Introduction

Hand hygiene is the easiest and most effective action to prevent cross-transmission of multidrug-resistant microorganisms and healthcare-associated infections (HAIs) [1]. Multimodal promotion strategies proved to be more effective than single interventions to change healthcare workers (HCWs) behaviour [2]. Studies worldwide have shown that improvement of hand hygiene compliance contributed to HAI reduction in both acute and long-term care [3,4,5]. In Vietnam, similarly to landmark reports [4], research showed that the use of alcohol-based handrub (ABHR) was associated with significant decrease of surgical site infections (SSIs) in neurosurgery [6] and of HAIs in urology [7].

Enhancing hand hygiene compliance in healthcare activities improves both quality and safety of patient care. Hung Vuong Hospital (HVH) started organizing hand hygiene training in 2006. At that time, overall hand hygiene compliance averaged 32% only, and even dropped to 2 and 8% in 2008 and 2009, respectively. The aim of this prospective, quasi-experimental, observational study was to improve hand hygiene by applying an ongoing multimodal intervention strategy and to analyse its impact on HAI incidence in gynaecology and obstetrics, where the evidence-base on this subject is low.

Methods

The report of this quasi-experimental, observational intervention study follows the “strengthening the reporting of observational studies in epidemiology” (STROBE) statement [8].

Setting

HVH is a 900 bed-maternity referral centre in Ho Chi Minh City, Vietnam, employing around 200 physicians and 700 nurses/midwives in 16 clinical departments. On average, 40,000 new-borns were delivered each year between 2010 and 2018, 43% of them by caesarean section. This study excluded outpatient care, accident and emergency, and neonatology.

Intervention

From 2010, the World Health Organization (WHO) multimodal hand hygiene promotion strategy with all recommended tools was implemented [9]; if not available in Vietnamese, tools were translated and adapted to the local context. In 2009, before starting the implementation of the WHO multimodal hand hygiene strategy, HVH aimed at applying a “system change” by supplying liquid soap and towels, as well as providing ABHR at the point of patient care, assuring a dispenser-to-patient ratio of 1:1 in the entire hospital. In October 2012, HVH started its own ABHR production using the WHO-ABHR formulation [10]. In 2014, video clips were produced to educate patients and relatives on the importance of hand hygiene, particularly when taking care of new-borns. Staff education started with testing hand hygiene knowledge using Vietnamese translations of the WHO questionnaires [9]. Yearly mandatory training courses were organized for new healthcare professionals. Since 2014, regular training workshops were organized in delivery wards and surgery departments. They included six activities: 1) a 10-min video outlining the reasons for hand hygiene; 2) focus group discussions about the reasons for hand hygiene; 3) a role-playing game where participants could visualise adequate hand hygiene technique with ultra-violet light; 4) focus group discussions to determine the 5 moments of hand hygiene; 5) practice of the correct hand hygiene technique following the WHO six steps; and 6) a lecture on the efficacy of alcohol-based hand-rub compared to water and soap. Between 2012 and 2013, 530 nurses and midwives were trained in 14 training sessions on aseptic technique for the insertion of peripheral venous catheters and urinary catheters. WHO posters about the role of the “5 Moments for hand hygiene” [11,12,13] in the prevention of catheter-associated bloodstream infection [14] and catheter-associated urinary tract infection [14] were translated into Vietnamese, and displayed in the wards.
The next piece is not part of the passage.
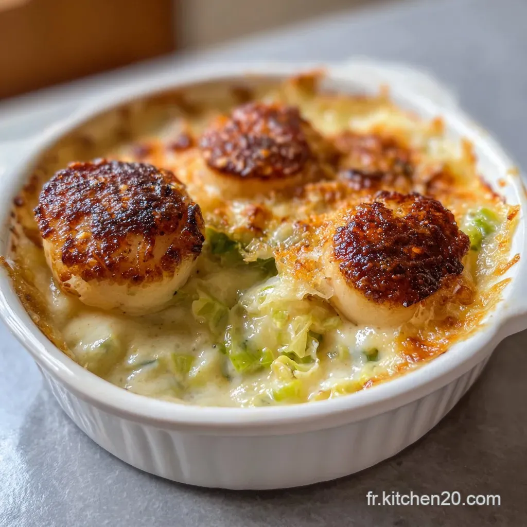 Si vous avez aimé cette approche du gratin marin, vous aimerez aussi ma recette Gratin de Pétoncles aux Poireaux Recette Crémeuse Façon Bistrot , qui est encore plus orientée vers la crème ! Ce plat de De Pétoncle Poireaux est bien plus qu'un simple repas ; c'est un moment de pur plaisir. Bon appétit !

To facilitate implementation, the promotion activities used awareness raising, evidence-based recall, continuous exposure to reminders, and actions to reinforce the institutional safety culture for hand hygiene: evidence that hand hygiene reduced childbed fever in the historical case-story of Ignaz Semmelweis; measuring bacterial hand contamination (pre/post bacterial sampling on HCWs’ hands) during patient care and after hand hygiene; translated and adapted WHO slides and other materials to support evidence-based hand hygiene guidelines and staff behavioural change; locally developed posters used as workplace reminders, as proposed by WHO [14], displayed in all departments; and internal benchmarking of hand hygiene compliance between wards.

The infection prevention and control (IPC) department at HVH participated actively to the WHO 5th May “SAVE LIVES: Clean Your Hands” campaign every year since 2010 [12]. Each year, different activities were offered to staff on this day, including a festival with hand hygiene competitions, staff knowledge (about hand hygiene), and serious games and poster design contests. Modest prizes were awarded to the winning HCWs, wards, or departments. Hand hygiene “how-to-handrub”-related dance performances were organized on several occasions.
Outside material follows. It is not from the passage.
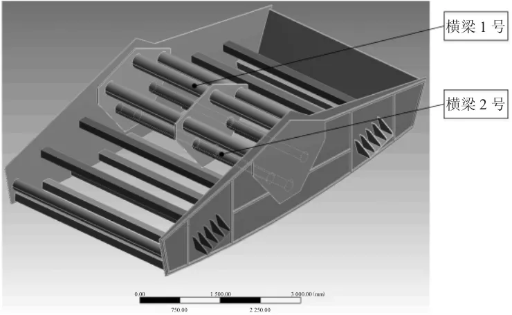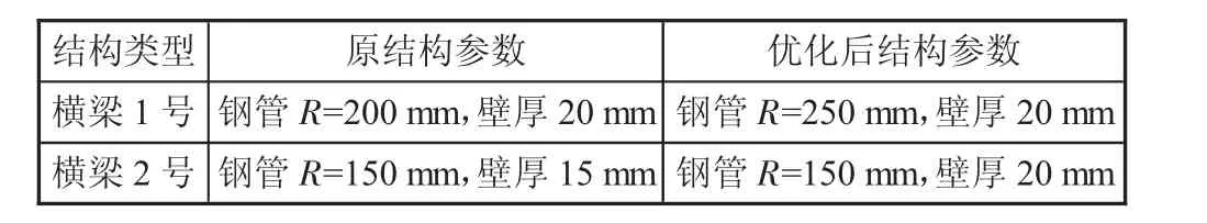 针对振动筛主梁横梁较为容易出现常见的断裂或开裂等现象,本文对于香蕉型振动筛的结构改进选择对中间主梁的横梁截面尺寸进行优化设计,计划通过增大横梁截面尺寸,从而增强横梁的结构刚度,以避免由于共振所造成的应力值过大,使其整体香蕉型振动筛的结构更为安全可靠。由于香蕉型振动筛的主梁分为两种型号的钢管,为便于区分,上面三个横梁称为“横梁1号”,下面三个横梁称为“横梁2号”,如图5所示,具体的优化参数如表1所示。

The hospital director, all members of the board of directors, all heads of the departments and chiefs of nursing demonstrated their commitment to hand hygiene by signing pledges on posters, which had been designed by each department. The signed posters were transformed to screensavers, and then displayed on all computers at HVH.
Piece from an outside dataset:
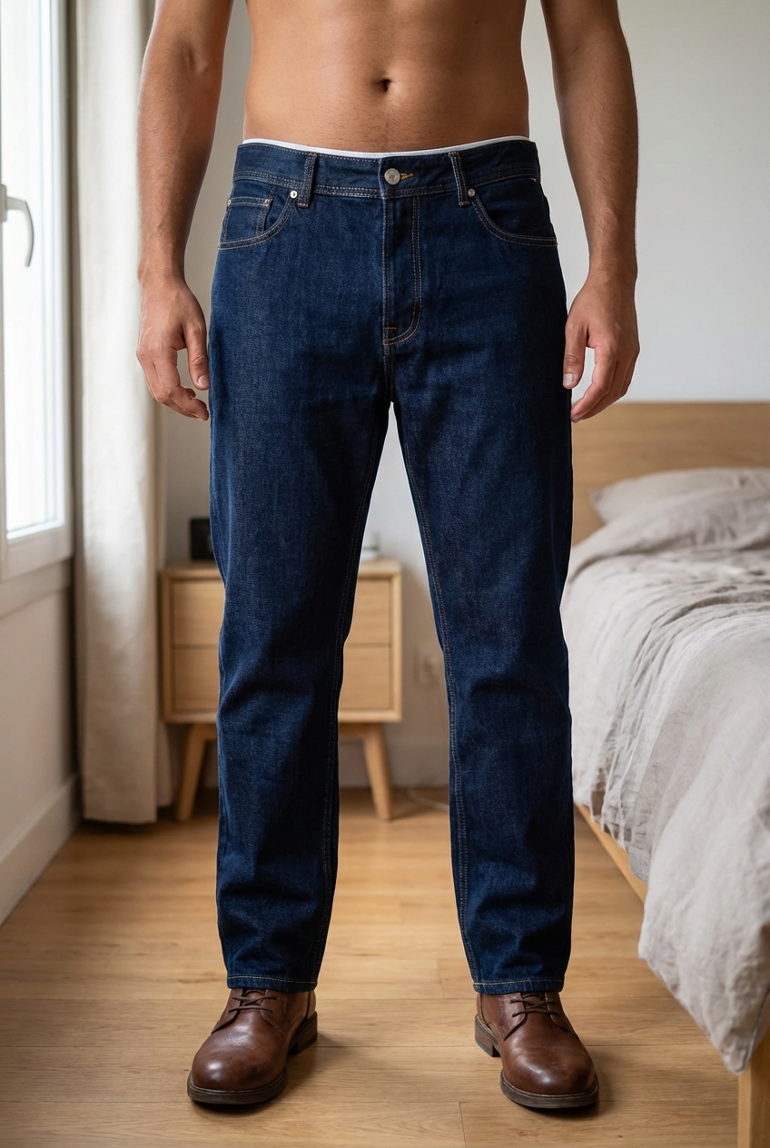 Une personne en Jean 👖 debout, face à la caméra, dans une chambre à la lumière douce, avec une lumière naturelle filtrant par la fenêtre.

Interventions other than hand hygiene

A promotion strategy aiming at the prevention of catheter-associated urinary tract infection (CAUTI) was conducted in 2012 and 2013. Apart from hand hygiene, the strategy also included education and training on catheterisation, the distribution of sterile catheter insertion packs, and reminders at the work place. From September 2016, the WHO guidelines on SSI prevention were introduced and staff was trained on correct surgical hand preparation. Regular audits with feedback were performed on surgical hand preparation, skin disinfection, and crowding in the operating room. In addition, lectures on standard precaution measures, occupational exposure risks and waste disposal were organised once a year for all staff.

Audit and feedback

Hand hygiene monitoring

Monitoring and performance feedback of hand hygiene compliance was conducted as recommended by WHO [13] through systematic direct observation sessions [11, 15]. Auditors, six IPC professionals (3 nurses, 3 public health bachelors), were trained on the WHO material, completed the WHO online-training course, and received certification on hand hygiene monitoring by Hand Hygiene Australia [16]. Hand hygiene audits started at least 1 month before the 5th of May hand hygiene campaigns and lasted 6 months thereafter. Nurses/midwives, physicians, nursing assistants, and students with patient contact were observed. Departments and the schedules of auditing were assigned randomly to the auditors. No more than 3 nurses were allowed to be observed simultaneously, and sessions did not exceed 30 min. The results of the audits were shared with the HCWs directly after the sessions before leaving the wards. Non-compliance was reported to the supervisors. Summary results of hand hygiene compliance were reported to the hospital management and directors of the departments at regular board meetings. The department with the highest hand hygiene compliance was awarded.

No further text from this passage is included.